Untuk jamur yang ketiga didapatkan yaitu Candida sp Candida

albicans merupakan jamur dimorfik karena kemampuannya untuk tumbuh

dalam 2 bentuk yang berbeda yaitu sebagai sel tunas yang akan berkembang
menjadi blastospora dan menghasilkan kecambah yang akan membentuk hifa

semu. Candida albicans dapat tumbuh pada variasi pH yang luas, tetapi

pertumbuhannya akan lebih baik pada pH antara 4,5 – 6,5. Jamur Candida

albicans dapat tumbuh dalam perbenihan pada suhu 280oC – 370oC. Candida

albicans memperbanyak diri dengan membentuk tunas yang akan terus

memanjang membentuk hifa semu. Hifa semu terbentuk dengan banyak

kelompok blastospora berbentuk bulat atau lonjong di sekitar septum

(Budiman, 2008).

Candida albicans secara mikroskopis berbentuk oval dengan ukuran 2 – 5

× 3 – 6 µm. Biasanya dijumpai Clamidospora yang tidak ditemukan pada

spesies Candida yang lain dan merupakan pembeda pada spesies tersebut

hanya Candida albicans yang mampu menghasilkan Clamydospora yaitu

spora yang dibentuk karena hifa, pada tempat-tempat tertentu

membesar,membulat, dan dinding menebal, letaknya di terminal lateral.

(Jawetz, 2012).

Spesies Candida albicans memiliki 2 jenis morfologi, yaitu bentuk seperti

khamir dan bentuk hifa.Selain itu, fenotipe atau penampakan mikroorganisme

ini juga dapat berubah dari warna putih dan rata menjadi kerut tidak beraturan,

berbentuk bintang, lingkaran, bentuk seperti topi dan tidak tembus

cahaya.Jamur ini memiliki kemampuan untuk menempel pada sel inang dan

melakukan kolonisasi.

Bentuk hifa Candida albicans dihubungkan dengan perlekatannya pada sel

epitel rongga mulut. Germ tube Candida albicans akan meningkatkan

perlekatan ke sel mukosa, hal ini merupakan mekanisme virulensi


spesies Candida. Beberapa faktor yang mengatur perubahan bentuk

blastospora Candida albicans ke bentuk hifa diantaranya temperatur 37-40◦ C,

pH media pertumbuhan 6,5-7, dan media pertumbuhan (Ramli, 2011).

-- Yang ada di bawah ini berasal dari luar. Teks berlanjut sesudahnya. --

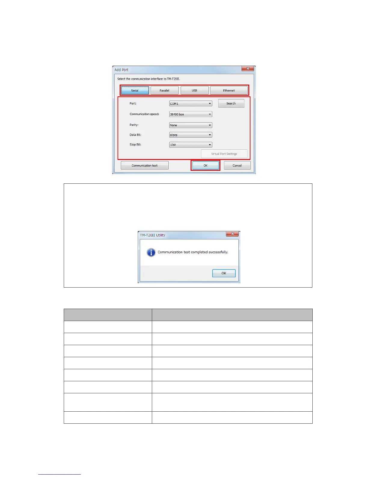 ❏ Clicking the Communication test button displays the communication result on the screen. It does not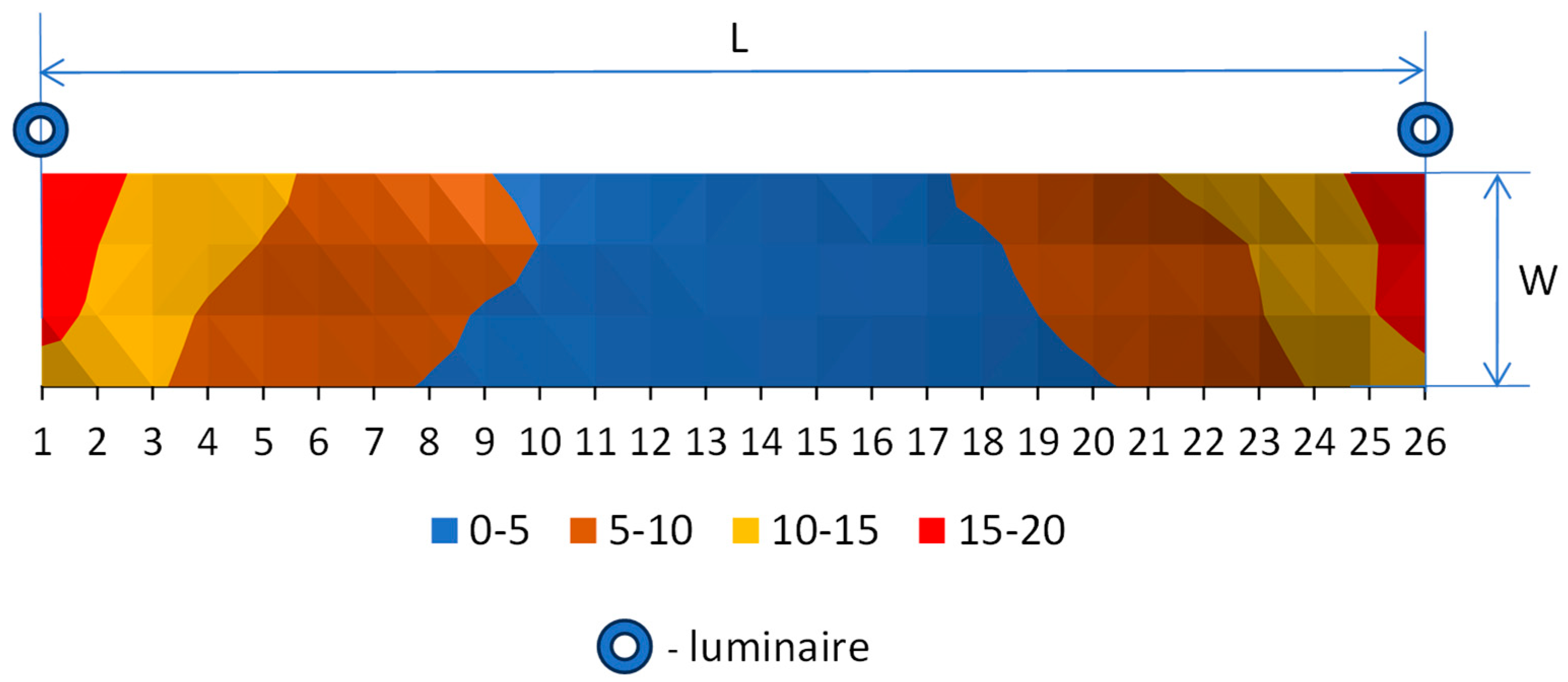 - EN 13201-2:2015; Road Lighting—Part 2: Performance Requirements. European Committee for Standardization (CEN): Brussels, Belgium, 2015.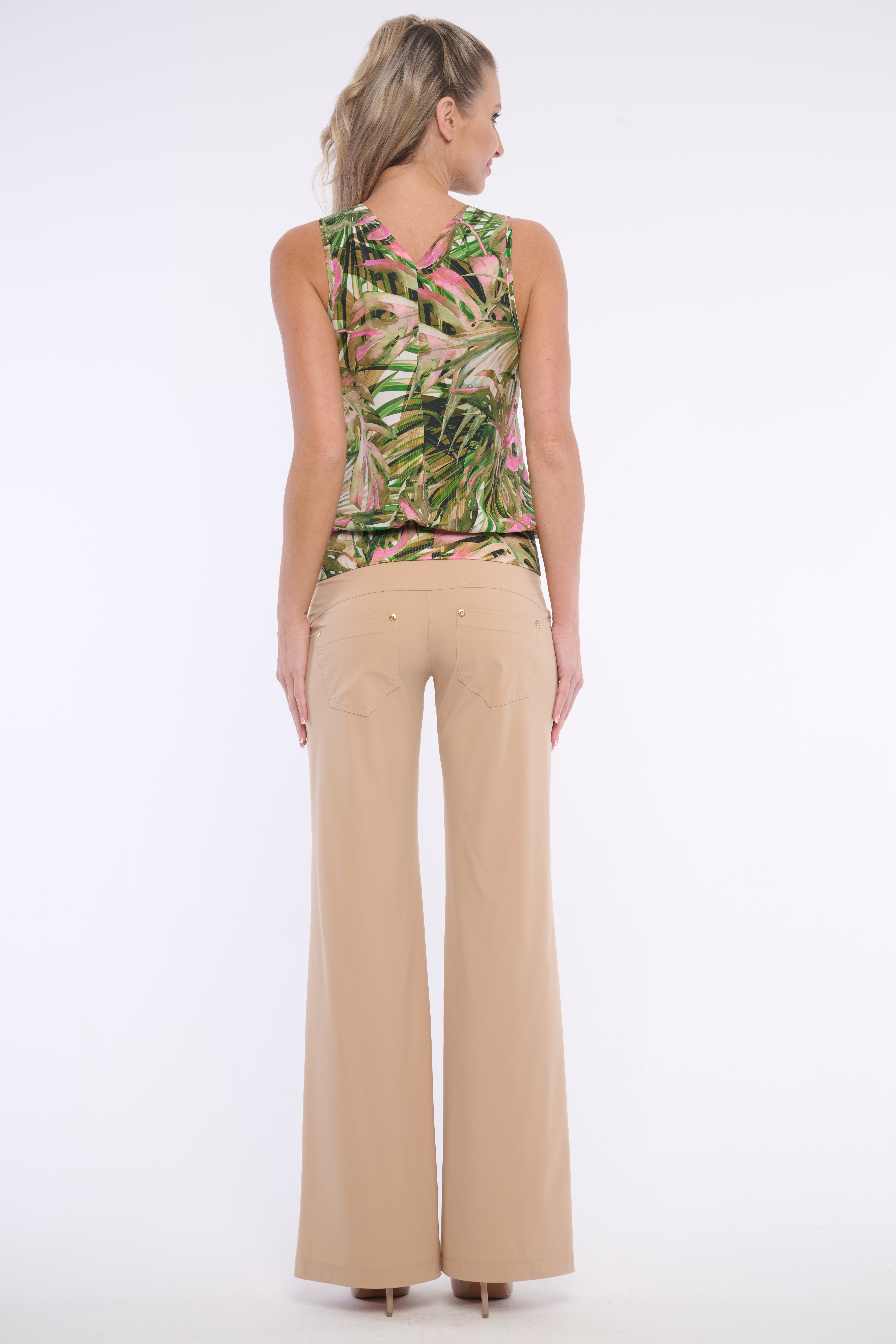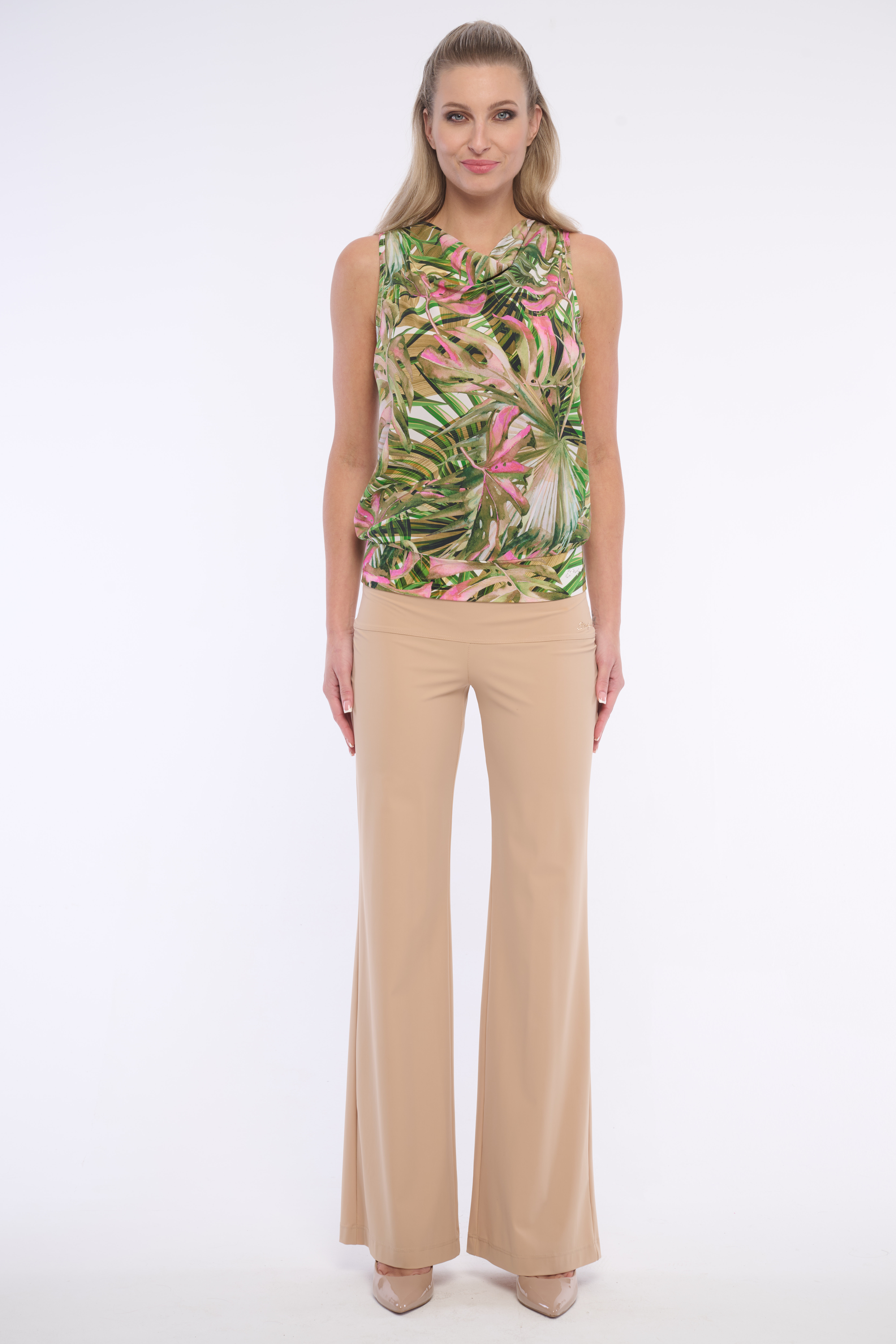 Lehký top s letním vzorem a s vodovým výstřihem, který zaujme každého. Detail tvoří logo na spodním lemu z luxusních krystalů Preciosa. Dostupný ve dvou barevných variantách.

Jawetz, Melnick, & Adelberg / Geo F. Brooks.(2012). “Mikrobiologi

Kedokteran” EGC. Jakarta.

Ramali L.M dan Werdani S. (2011).“Kandidiasis Kutan dan

Mukokutan”. Dalam:Dermatomikosis Superficialis. Perhimpunan Dokter Spesialis

Kulit dan Kelamin Indonesia. Jakarta: Balai Penerbit Fakultas Kedokteran

Universitas Indonesia. pp: 55-65

Budiman, C, (2008). “Metodologi Penelitian Kesehatan”. Penerbit Buku Kedokteran

EGC. Jakarta.

Kuswadji. (2010). ”Kandidiosis di dalam Ilmu Penyakit Kulit dan Kelamin”. Jakarta:

Fakultas Kedokteran UI. pp: 103-106.